It was not made completely clear to me whether or not this is multiple choice, or whether or not we're supposed to just type-in the ICD-10 code ourselves.

But either way, I'm not feeling too overly stressed about this at this point.

I'd rather gain my "proficiency" this way, then taking a timed 3.5 hour test of 75 questions while sitting at my computer watching the timer tick away in the corner of my screen (MAJOR test anxiety here! )

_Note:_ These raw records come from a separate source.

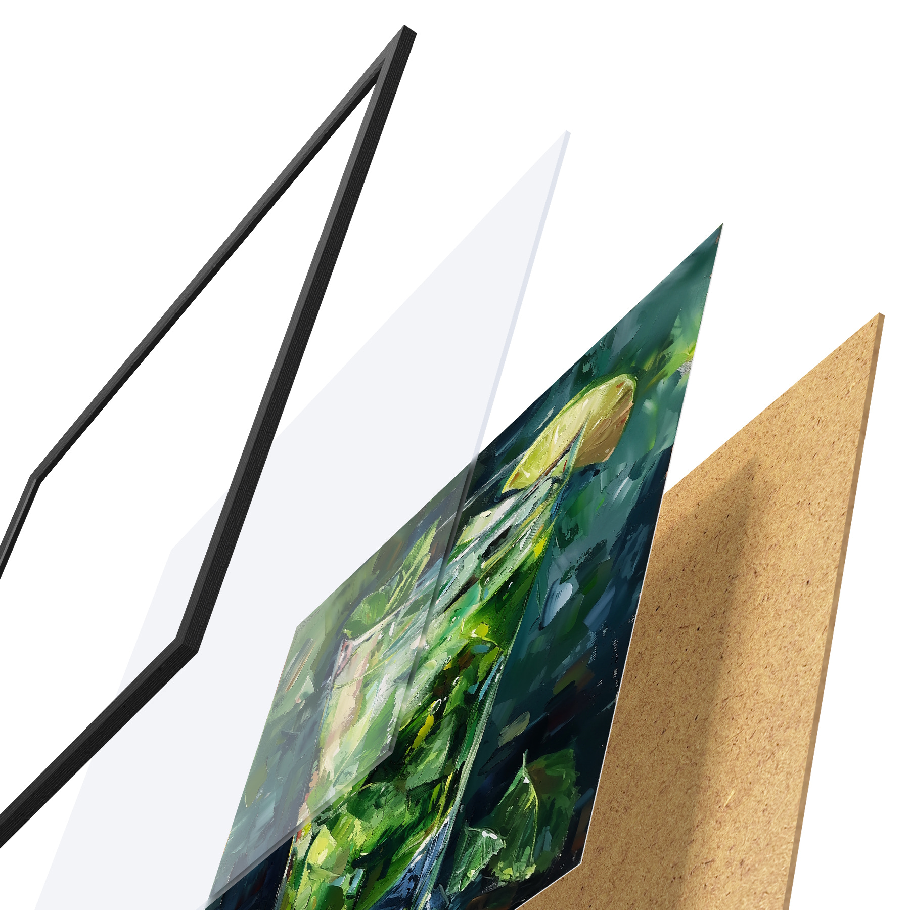 El póster consta de marco, plexiglás, imagen impresa y soporte de aglomerado. El póster puede colgarse inmediatamente en la pared gracias a los soportes de la parte posterior.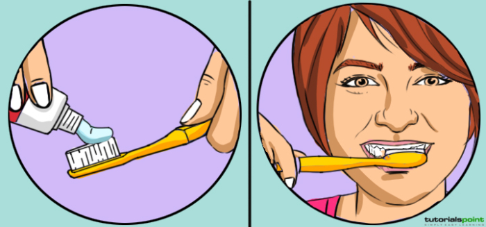 關於牙膏,使用推薦含氟量的牙膏。氟化物使牙釉質更強壯並去除牙菌斑。避免吞嚥氟化物。小孩子最好不要使用。牙膏廣告突出顯示了蛀牙和敏感性、牙結石和牙齦問題。對抗汙漬和牙齦炎的牙膏是其他選擇。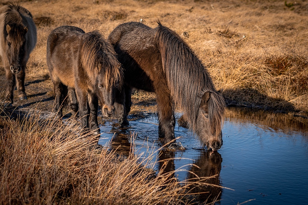 Wir entschieden uns für einen anderen Wanderweg, da unser eigentliche Weg in den Dünen immer wieder unter Wasser stand – bis wir plötzlich in der Ferne etwas entdeckten. Ich fragte Jule, ob das ein Tier oder ein Baum sei (natürlich lag meine Brille im Auto). Im nächsten Moment erkannten wir es dann Beide: Eine Herde Islandpferde, die direkt am Weg mitten in den Dünen grasten. Wir konnten an ihnen entlang laufen und tolle Bilder aufnehmen. Ein unvergessliches Erlebnis.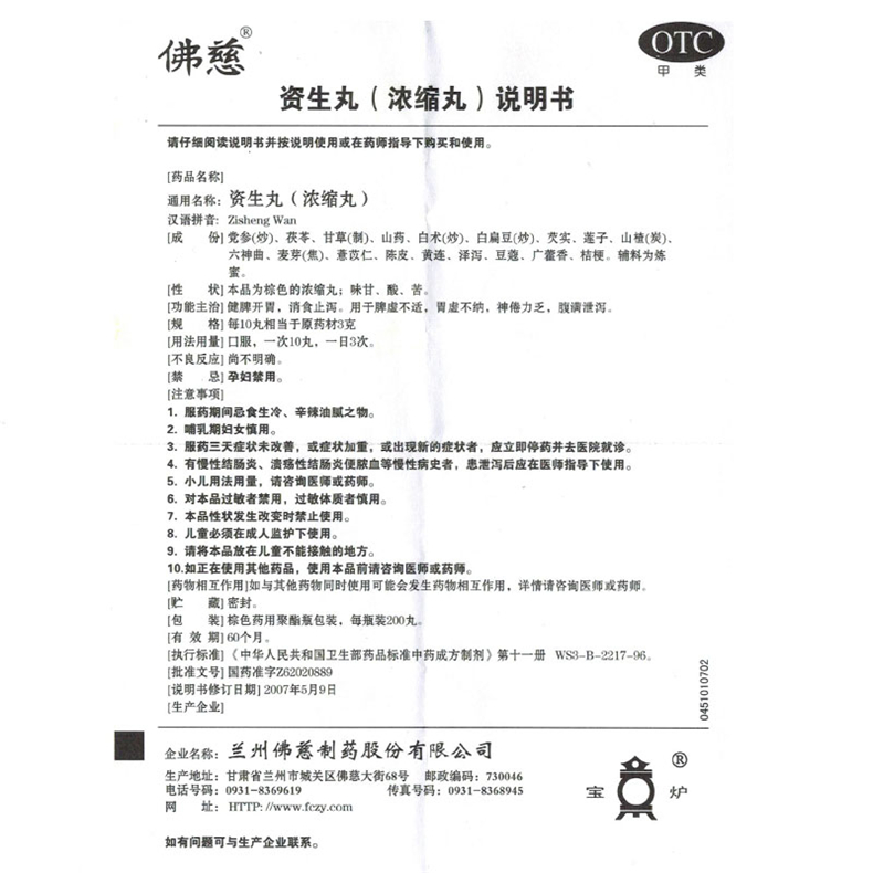 【佛慈】资生丸(浓缩丸)0.3g*200丸/盒

Good luck to us all out there!
I'm sure it won't be half as bad as what we're anticipating.
If we were all able to pass the CPC exam in the first place....I'm pretty confident that I , and my fellow coders will do just fine with ICD-10.

~Amy


----------



## ollielooya

Please check out the current edition of our monthly magazine which has a new title.  There is information covering this in the beginning of the magazine.  From what I understand you have two choices 1) take the proficiency exam after studying whatever resources you have available.  Take a big gulp and go for it, OR 2) purchase the online AAPC-10 study course  and successful completion of that will satisfy the criteria for you to retain your credentials.   That's how I see it....


----------



## LCR CPC

abazcoder said:


> @edwardsj
> 
> I called back a 2nd time to AAPC during my lunch hour, and got a diffeent operator who did re-confirm for me that by simply taking the 16 hour long course, THAT in itself is the "Proficiency Exam"....so to speak. As she told me, completing the course shows that you are "proficient".
> 
> 
> 
> ~Amy



This is misinformation - the 16 hour online course is NOT the proficiency exam.  After each module of the online training, there is a short quiz.  You have the opportunity to review your answers and correct them, and after you finish all modules and their quizzes (with all answers correct), you get a CEU certificate.  But if you want to go on and take the proficiency exam, it is a separate test.  75 questions, timed.  You get 3 1/2 hours.  When you finish, the test is graded and you are told whether you passed or failed and how many you go correct.  You can't go back and review, but you do get two chances to take the test.


----------



## abazcoder

LCR CPC said:


> This is misinformation - the 16 hour online course is NOT the proficiency exam.  After each module of the online training, there is a short quiz.  You have the opportunity to review your answers and correct them, and after you finish all modules and their quizzes (with all answers correct), you get a CEU certificate.  But if you want to go on and take the proficiency exam, it is a separate test.  75 questions, timed.  You get 3 1/2 hours.  When you finish, the test is graded and you are told whether you passed or failed and how many you go correct.  You can't go back and review, but you do get two chances to take the test.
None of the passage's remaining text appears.